I took a picture, but I am unsure how to upload to here. I have it on my phone and on my computer.


----------



## evan (Jan 22, 2012)

Chessiedog said:


> I'm just curious as to how you would mow the tops and bale it and leave any crop to pick ?


They are getting ride of last years ferns that grow up after the harvest is done for the year.


----------



## haybaler101 (Nov 30, 2008)

evan said:


> They are getting ride of last years ferns that grow up after the harvest is done for the year.

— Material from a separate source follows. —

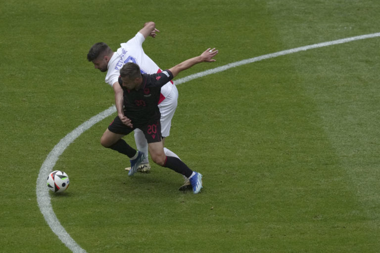Chorvát Mateo Kovacič padá po súboji s albánskym reprezentantom Qazim Lacim počas zápasu B-skupiny na ME vo futbale 2024. Hamburg, 19. jún 2204. Foto: SITA/AP.
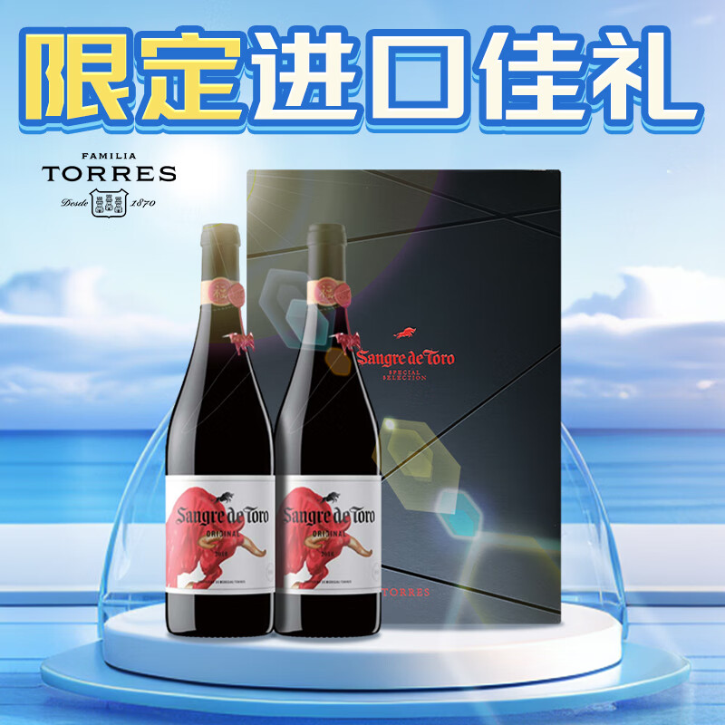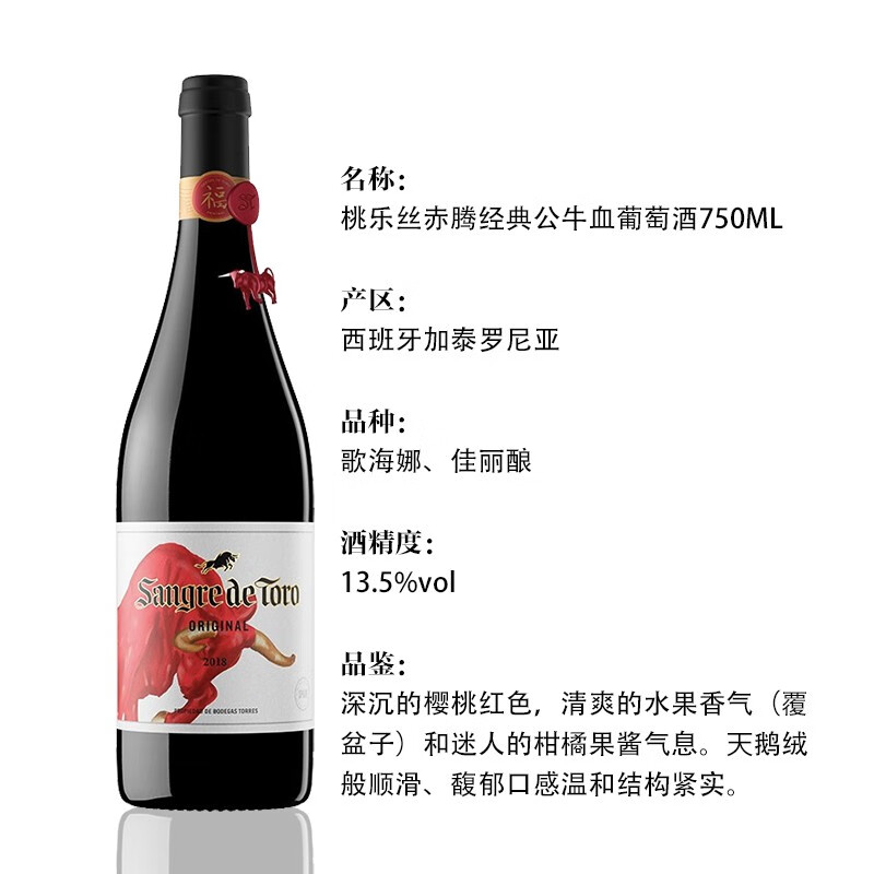 桃乐丝(Torres)赤腾公牛血干红葡萄酒750ml*2礼盒装 进口热红酒限定探亲节日送礼价格:269.00元!

Yes, baling off ferns from last year. New growth has not started yet and they are wanting to spray herbicide before it shoots thru, so we are getting residue out of way. Didn't get to bale today, wind was breezy at about 40 mph and made raking impossible.


----------



## haybaler101 (Nov 30, 2008)

A couple of pics from baling asparagus straw today. Baled 220 bales off of about 120 acres today. Got 50 acres to go.


----------



## Chessiedog (Jul 24, 2009)

Thanks for the answers . Never heard of this before. Though I have gone and baled some junk out of water ways , so there wasn't so much green to doze up .


----------



## haybaler101 (Nov 30, 2008)

Got it done today. 180 acres mowed and raked. 353-3x3x8 square bales of asparagus straw. If anybody wants any I can set you up. Nice pay day for me, happy client. He has a little over 30 bucks an acre in my bill, but they are grossing in excess of $15,000 acre on the asparagus. Needless to say, money was not an object for him.


----------



## whitewing (Jan 29, 2012)

Interesting. Got any pictures you can post?


----------



## haybaler101 (Nov 30, 2008)

whitewing said:


> Interesting. Got any pictures you can post?


See earlier post.


----------



## eight (Feb 2, 2011)

I saw some coastal laid down south of Houston last week. Been warm early this year. In south central Texas I'm going to bale some coastal/rye grass mix in a couple weeks. Got to get the rye grass and weeds out of the way then fertilize and weed spray and hope the coastal comes back strong.


----------



## haybaler101 (Nov 30, 2008)

Actually had a couple of clients cut ryegrass the last couple days of March here and chop it. All the grass forages are ready now (rye, ryegrass, wheat, triticale or whatever else) and a few are starting to cut alfalfa in S. IN.


----------